Partindo de um entendimento da cidade a partir da acção que nela se desenvolve, o espaço assoma convocado (embora fisicamente ausente) em Museum of Skateboarding como território subjectivo, constituído distopicamente por possíveis amorfismos, rupturas, segmentações e justaposições, circunstâncias intrínsecas à própria manipulação das formas citadinas pelos skaters. A obra de Savchenkov parece, portanto, afirmar a presença de um espaço que não sendo estável, nem tão pouco fixo, está sujeito à re-significação dos seus discursos e práticas através destes skaters-monges-guerreiros, agentes que transformam o skate num objecto hibridado entre o corpo e o espírito, integrando-o numa rotina de exercícios engendrados pela fusão entre mantras, epigramas filosóficos, artes marciais, treino militar e fitness. Os filmes convocam assim uma espécie de identidade mnemónica presente numa linguagem especifica que advém de um entendimento intuitivo do espaço pelos skaters; uma potência muscular da memória que desponta no movimento reflexivo de um corpo moldado e instruído a ver e a navegar as formas urbanas – expressando portanto uma espécie de habilidade intuitiva que advém pela repetição, tal como os próprios mantras ou artes marciais. Neste sentido, abordar a noção de resistência na prática do skate envolve também convocar a sua insubordinação à normalização e ao utilitarismo da arquitectura citadina – questão paradigmática do local onde os filmes de Savchenkov são projectados no Porto –, pois os skaters negam a funcionalidade das formas arquitectónicas, desabilitando-as das suas funções, e, acercando-se assim simbolicamente do próprio carácter do fazer artístico. Esta decifração formal da arquitectura pelo skate concebe-se num entendimento maior da própria posição do individuo no seu ambiente, que se liga livremente a uma certa concepção multiforme de Construtivismo: o que é substituído pelo como, cada forma de percepção e conhecimento é concebida como construção activa do indivíduo sobre o meio, uma accionalidade quotidiana imune à reprodução passiva da inacção.

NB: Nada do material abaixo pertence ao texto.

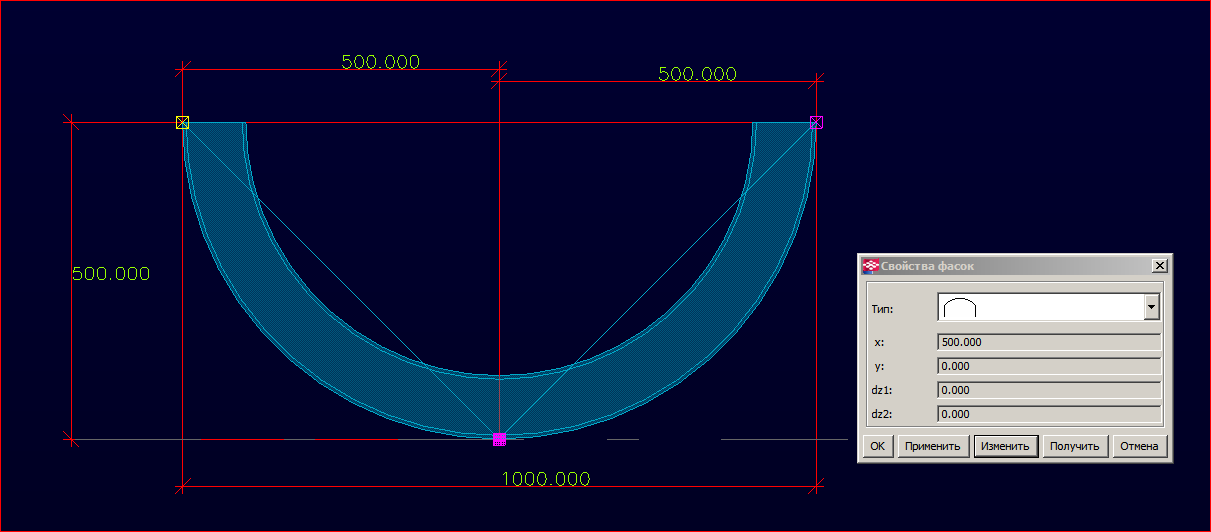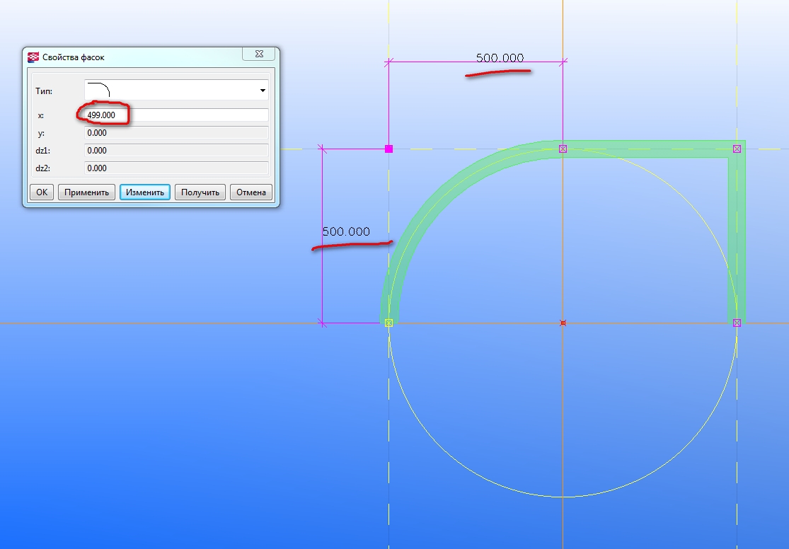При построении поясов составными балками определял нужный радиус гиба двойным щелчком на средней ручке составной балки, затем перемещал ее до условной линии перемещения касательной и перпендикуляра к хорде и при перемещении на нужную длину получил вырождение объекта. Точно так же происходит и с пластинами. В результате пришлось "подгонять" значения и в итоге выползли неточности и коллизии в элементах. Для простого понимания эффекта, я создал прототип- составную балку по радиусу 500 и попытался закруглить фаски по радиусу 500 и тоже получил вырождение. На радиусе 499 закругляет. Я так понял, что в моей ситуации с бОльшим радиусом около 20м подобная подгонка и приводит к вышеуказанным коллизиям? Существует ли возможность в текле точно моделировать подобные вещи?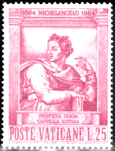 Auf dieser Marke aus dem Vatikan (MiNr 455) wird der "Prophet Jesaja", ein Detail aus einem Fresko von Michelangelo Buonarroti in der Sixtinischen Kapelle gezeigt.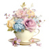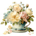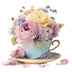 【商用利用可】フラワーティーカップ(水彩花柄ティーカップ)クリップアート18点セット|高解像度・透過PNG|印刷OK|コラージュ・ジャンクジャーナル素材|即ダウンロード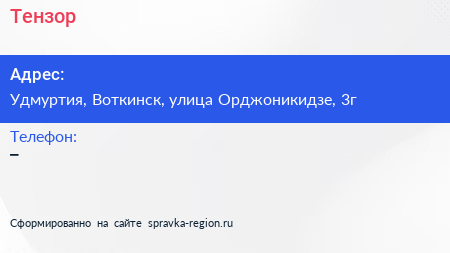 Тензор по адресу Удмуртия, Воткинск, улица Орджоникидзе, 3г в дальнейшем Организация, размещена в следующих категориях: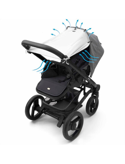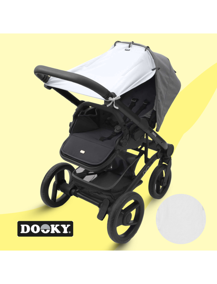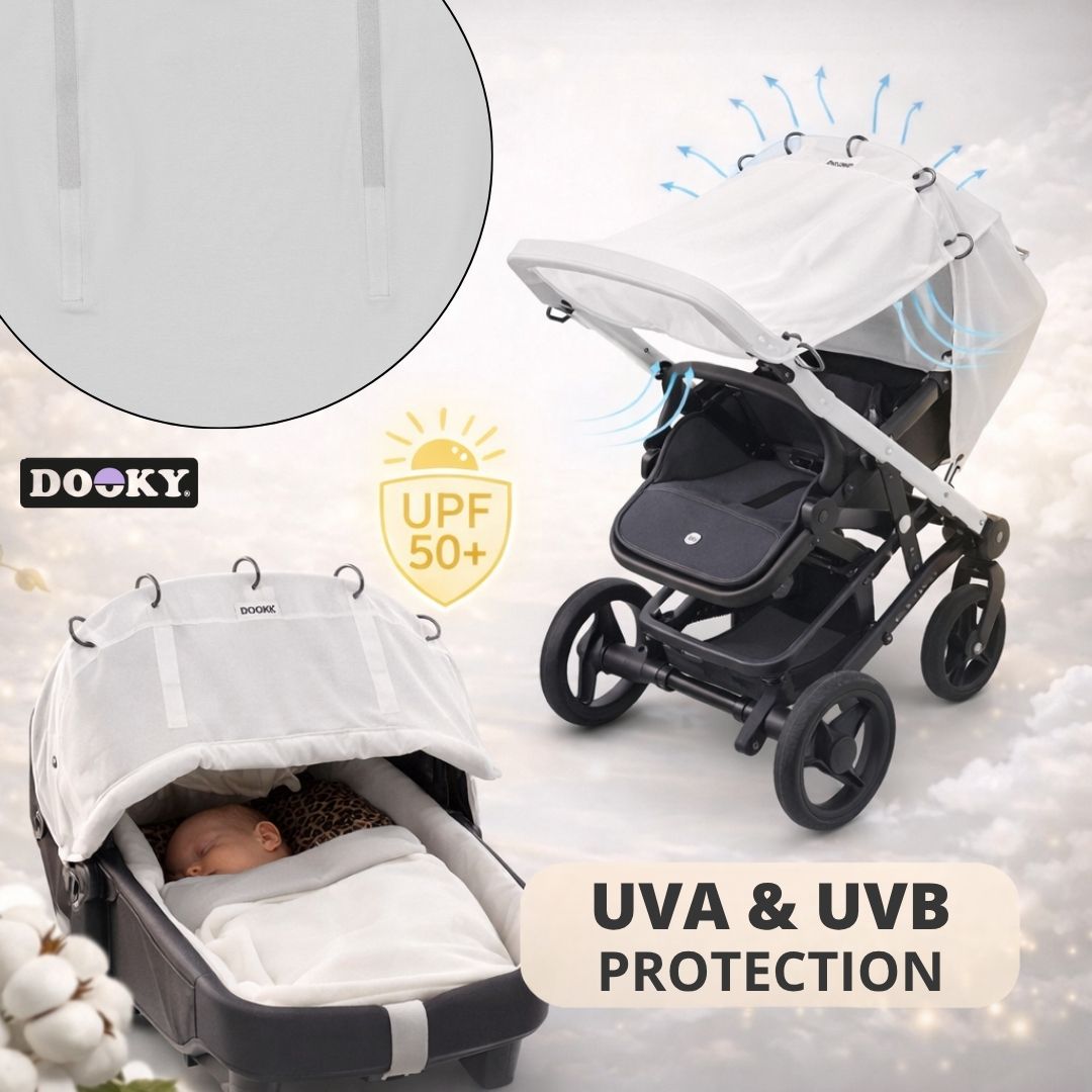 Точно за това UV сенникът на Dooky Original e отговорът. Изработен е от 100% памучна дишаща материя (която създава подходяща вентилация) със защита срещу слънцето UPF50 +, която блокира повече от 95% от вредните UVA и UVB лъчи и се смята за отличнa UV защита. Тяхната основна особеност са пръстените, с които много лесно се връзват на количката или на столчето за кола.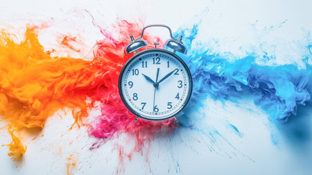Clock surrounded by colorful splashes representing the passage of time in a creative and artistic way

Tanto positivo como negativo, convergente como divergente, as formas da cidade são assim para os skaters matéria de aceitação formal – pelo centramento na sua composição arquitectónica –, como motivo de transgressão do espaço público – ao infringirem a possível imposição ideológica da arquitectura, disciplina que define a direcção dos corpos e o seu comportamento nos lugares, implicando um modelo baseado no consenso. Desta forma, este espaço duplamente material (produzido, construído) e mental (ideológico, sígnico, discursivo) apresenta-se obliquamente na obra de Savchenkov, que convoca a figura do skater como instigador actuante e insubmisso num possível horizonte distópico, onde – tal como acontece frequentemente na prática do skate – os obstáculos volvem-se recursos para uma nova forma de movimento, que abdica da facilidade, para procurar as conformações complexas. Considerando assim não a realidade do espaço, mas o espaço como condutor pluriforme de real, a reconsideração das formas e dos comportamentos em Museum of Skateboarding através desta concepção de uma linguagem gestual do skate, rompe a relação propositiva, convencional e consensual entre o sujeito, o objecto e o espaço, figurando-se antes como forma que se realiza pelo desvio.